Saturday, February 3, 2024

Naughty Ones (Commodore Amiga) Soundtrack

Well I couldn't figure out something to post last month so to kick off February I'm posting another game soundtrack that, to my knowledge, has not received a modern rip: A little-known Commodore Amiga game that goes by the name "Naughty Ones".


Released on both the Amiga and it's console counterpart, the Amiga CD32, Naughty Ones is what happens when a group of people decide to make an elimination platformer that bucks some of the trends of the subgenre birthed by the runaway success of Taito's Bubble Bobble. You move John (and Jim in two player mode) from room to room, chucking destructive rubber balls at whatever enemies came up in the minds of the developers in order to escape the surreal reality the heroes have been trapped in.

(...Can conform, rubber balls are really destructive)

You all probably recognize the game from the Angry Video Game Nerd's episode on the Amiga CD32, which was how I myself came across the title years ago. It drove me to break out the Amiga emulator and try the game for myself. It manages to dodge the "europlatformer" trope common in Amiga games where they pad out the gameplay with collectathon elements since the worst it gets is having to find a single key to reach the end instead of dropping you inside a huge maze and tasking you with grabbing every single last thing in the level.
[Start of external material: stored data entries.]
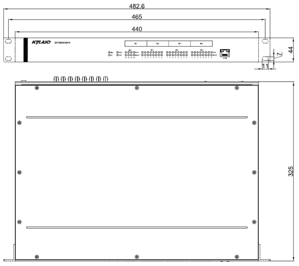 | 機械結構 | 外殼 金屬材質 散熱方式 自然冷卻,無風扇 防護等級 IP40 尺寸 482.6mm×44mm×325mm(W×H×D) 重量 <6.5Kg 安裝方式 19英寸1U機架式 |
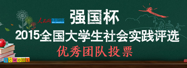 為勉勵廣大青年認真學(xué)習(xí)習(xí)近平總書記關(guān)于弘揚真善美、傳播正能量的講話精神,引導(dǎo)大學(xué)生積極參與社會實踐,在志愿服務(wù)過程中獲得鍛煉與成長,在共青團中央學(xué)校部、人民日報社政文部指導(dǎo)下,人民網(wǎng)以強國論壇為平臺舉辦“強國杯”2015全國大學(xué)生社會實踐評選活動。活動吸引了各大院校和廣大學(xué)生的熱情參與,共有500多所院校的數(shù)千個團隊報名,組委會從中選出200個團隊正式入圍并展開網(wǎng)絡(luò)投票。
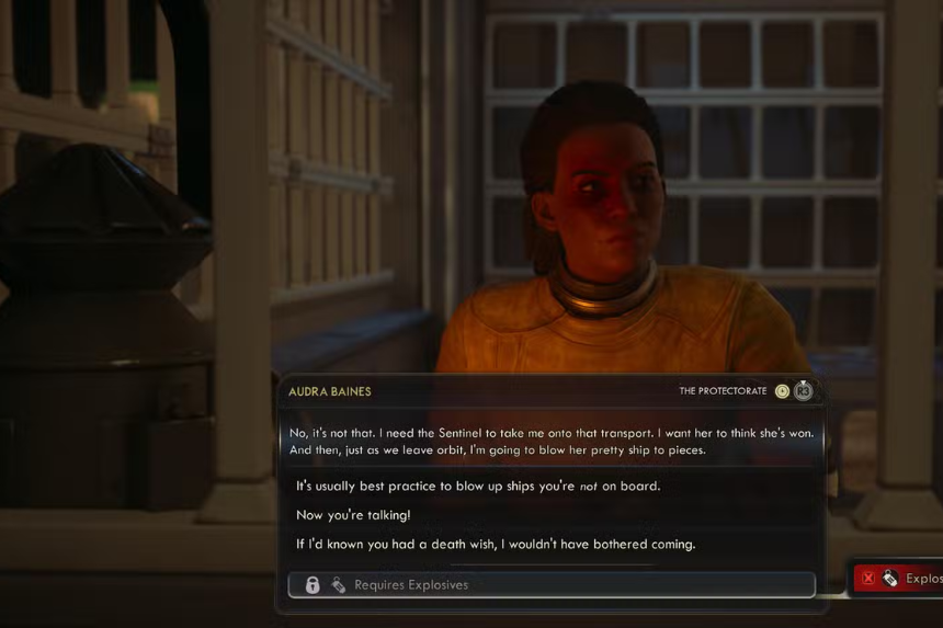 Puoi anche chiamare una guardia che abbia la chiave della cella, ma anche quando la apri Audra non se ne andrà. Dopo aver ringraziato per l’ultima volta, la nave esplode, distruggendo lei e gli ufficiali del protettorato.
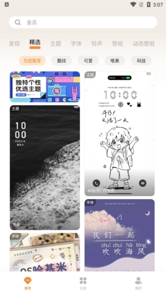 4、海量资源随心选:这里有专业设计师精心打造的主题、字体、铃声、锁屏、壁纸以及熄屏时钟(部分机型适配)等丰富精品内容,总能找到合你心意的那一款。
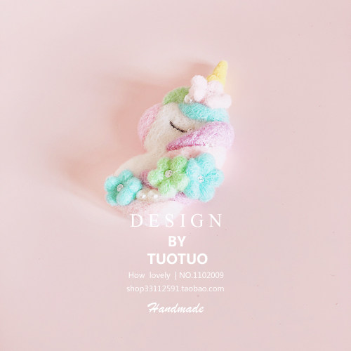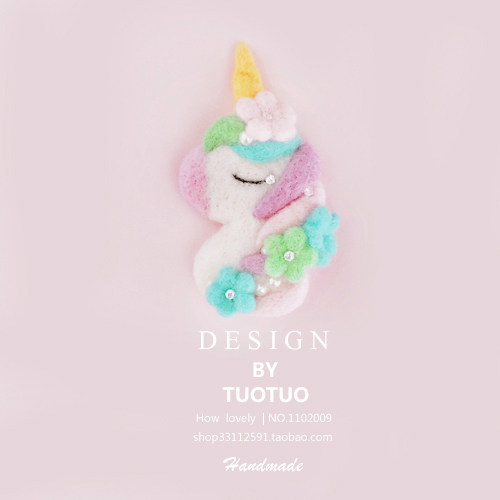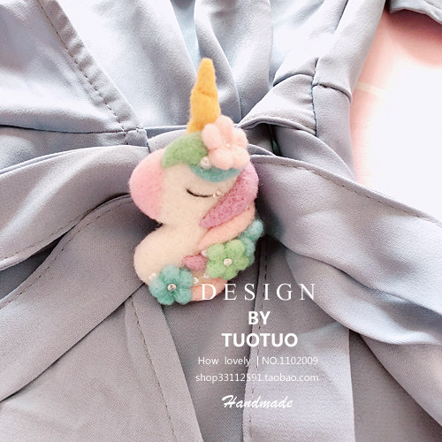 japanese hansen style elegant brooch unicorn wool felt finished handmade diy wool felt hair clip accessories dream trapping net
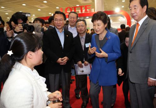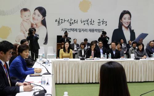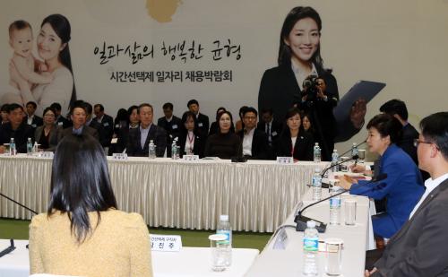 박근혜 대통령이 26일 오후 서울 삼성동 코엑스에서 열린 '2013 시간선택제 일자리 채용박람회'를 방문, 구직자 및 시간선택제 근로자 등이 참석한 가운데 열린 현장 간담회에서 모두발언을 하고 있다.
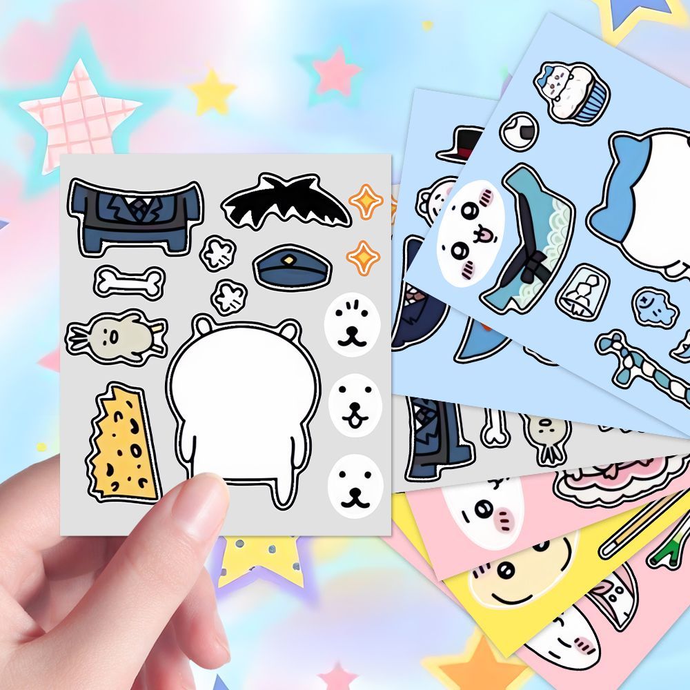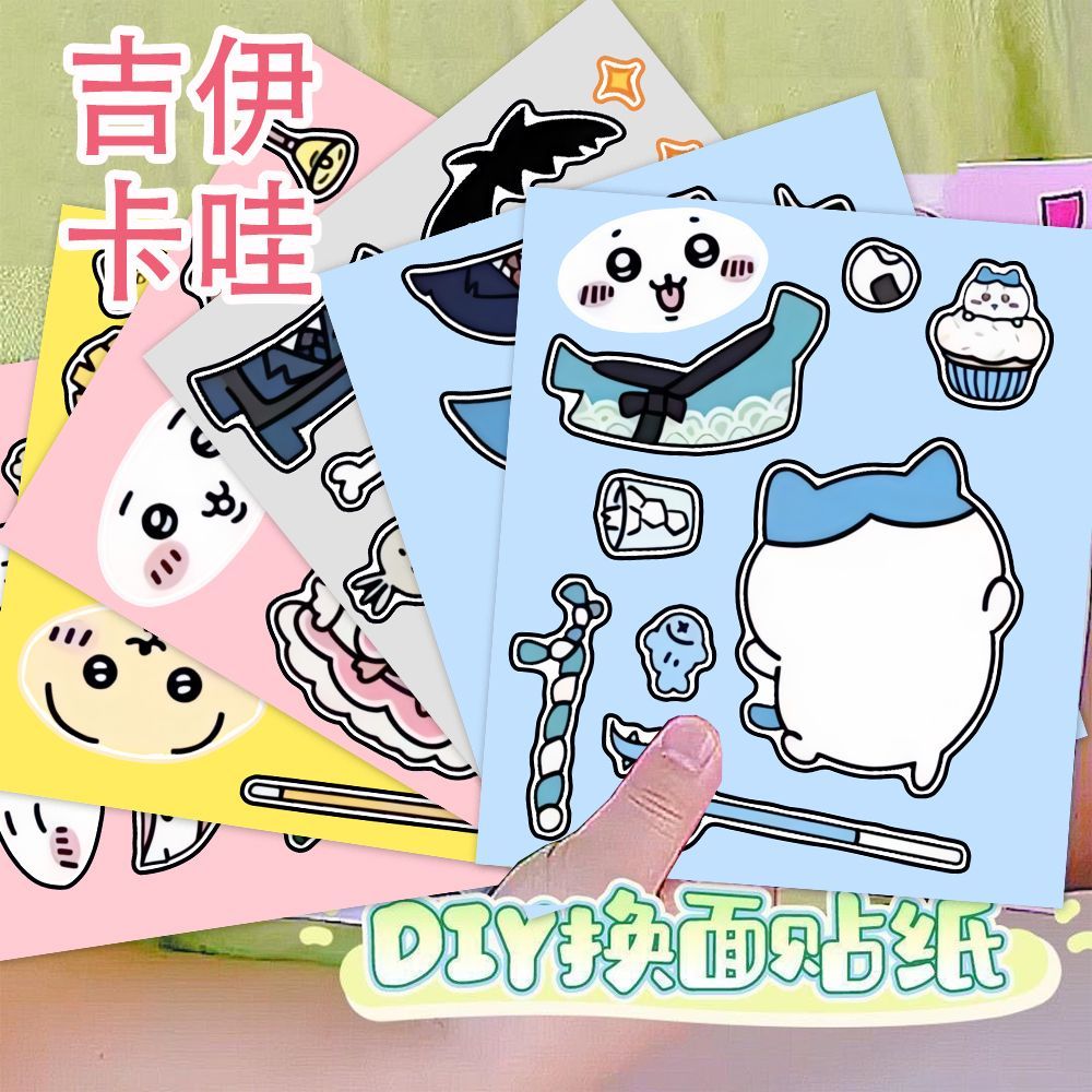 6张吉伊卡哇换装贴纸趣味装饰DIY手账益智儿童拼贴玩具防水装饰贴
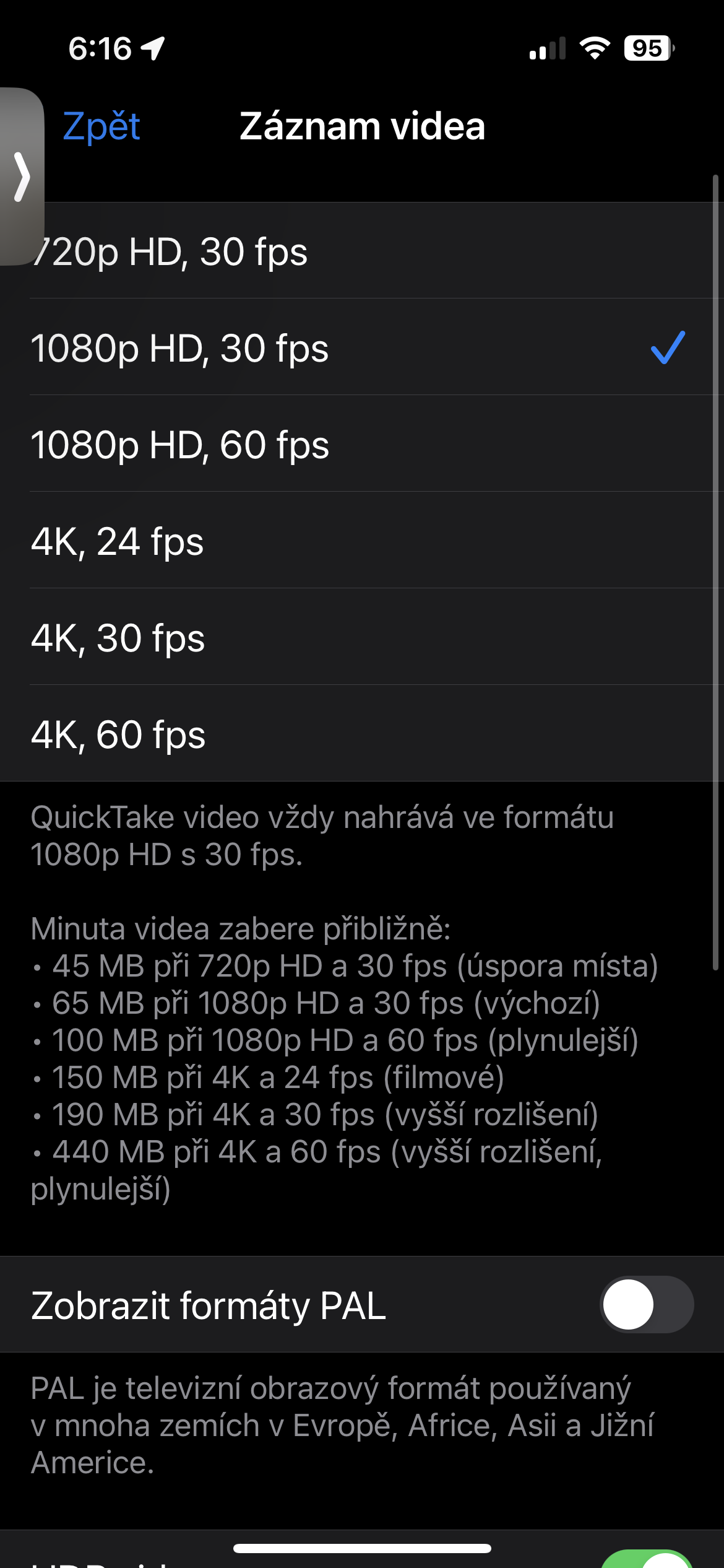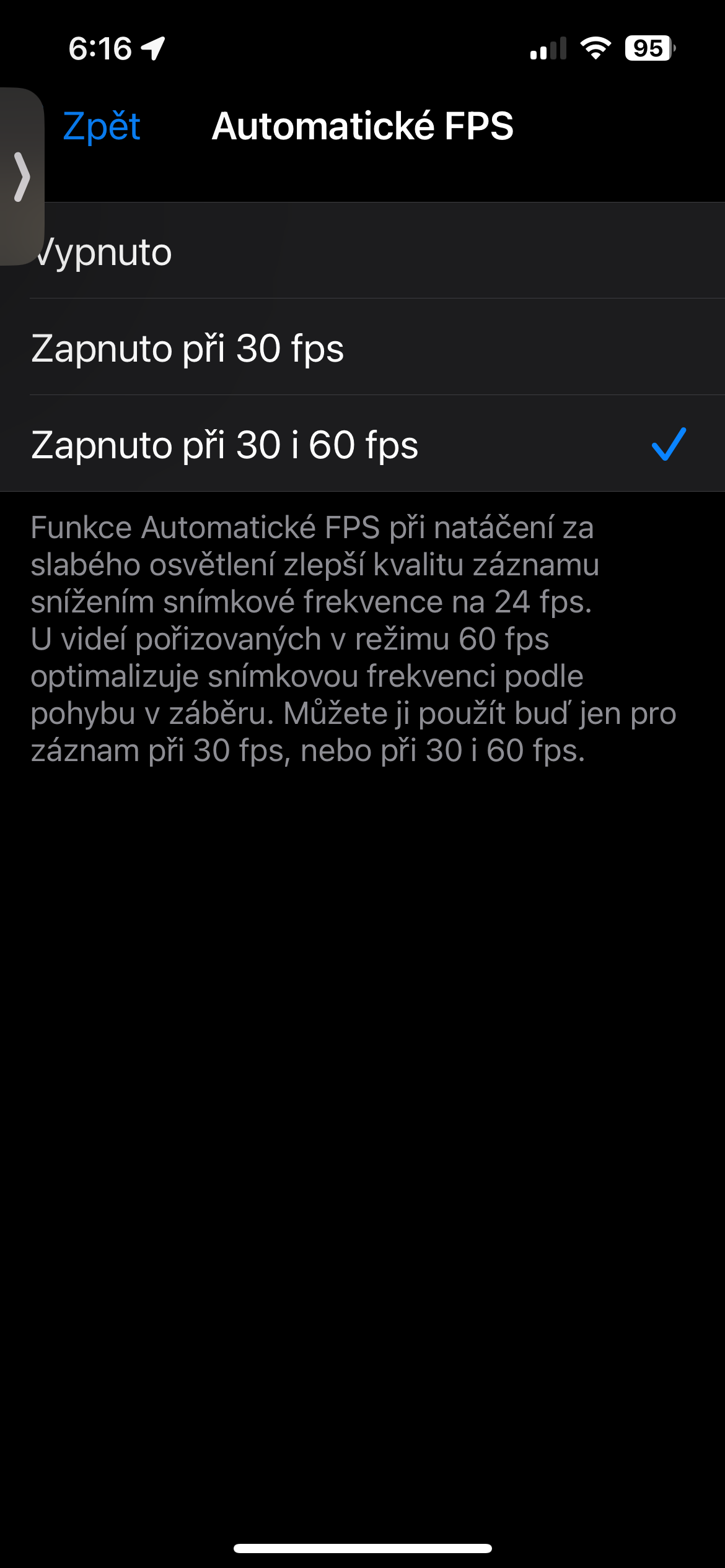 • Pokud máte iPhone 12 a novější, klepněte na Automatické FPS a aktivujte možnost Zapnuto při 30 i 60 fps.
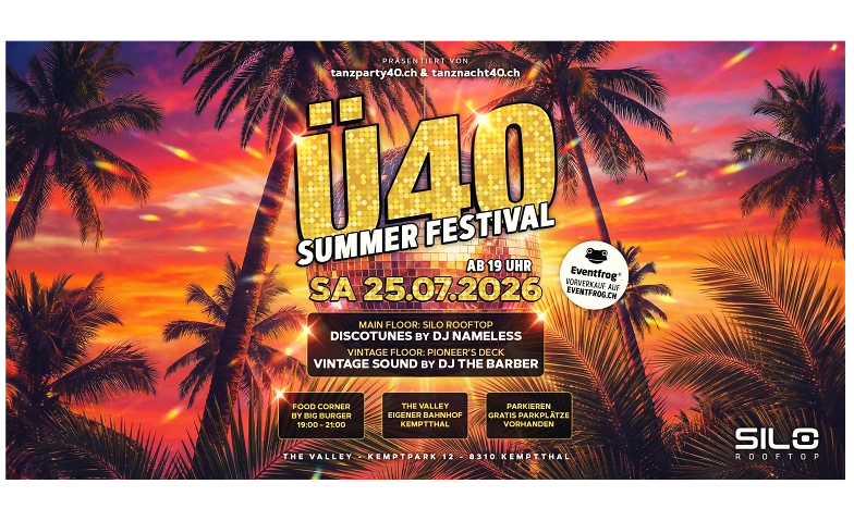 tanzparty40.ch & tanznacht40.ch präsentieren das Ü40 Summer Festival in der einzigartigen SILO Rooftop Location.
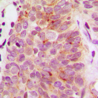 产品描述:Rabbit polyclonal antibody to S6K1免疫原:KLH-conjugated synthetic peptide encompassing a sequence within the C-term region of human S6K1. The exact sequence is proprietary.纯化方式:The antibody was purified by immunogen affinity chromatography.克隆类型:Polyclonal产品形式:Liquid in 0.42% Potassium phosphate, 0.87% Sodium chloride, pH 7.3, 30% glycerol, and 0.01% sodium azide.稀释比:WB (1/500 - 1/1000), IH (1/100 - 1/200), IF/IC (1/100 - 1/500)基因名称:RPS6KB1相关名称:STK14A; Ribosomal protein S6 kinase beta-1; S6K-beta-1; S6K1; 70 kDa ribosomal protein S6 kinase 1; P70S6K1; p70-S6K 1; Ribosomal protein S6 kinase I; Serine/threonine-protein kinase 14A; p70 ribosomal S6 kinase alpha; p70 S6 kinase alpha; p70 S6K-alpha; p70 S6KA

While based on existing soundtrack rips, said rips either combine all the songs into one video (i.e. Youtube uploads) or are simply the raw audio files extracted from the game, including the level intros in the same audio files as their parent level. This rip takes the audio files, separates the intros into their own audio tracks, and converts everything into more universal mp3 files. For the audio tracks that were already separate, they were simply copied over and converted with no further alterations. Thus, I cannot claim full credit for this rip, just the part of making it easier to listen to individual tracks in the soundtrack. 

You can download the full set of songs here. I am uncertain on if and when I'll decide to create another soundtrack rip, but the next one that gets posted here will (hopefully) have more effort put behind it on my part aside from just "throw into foobar2000 and press convert". As for what else is in store, that is on my terms to figure out.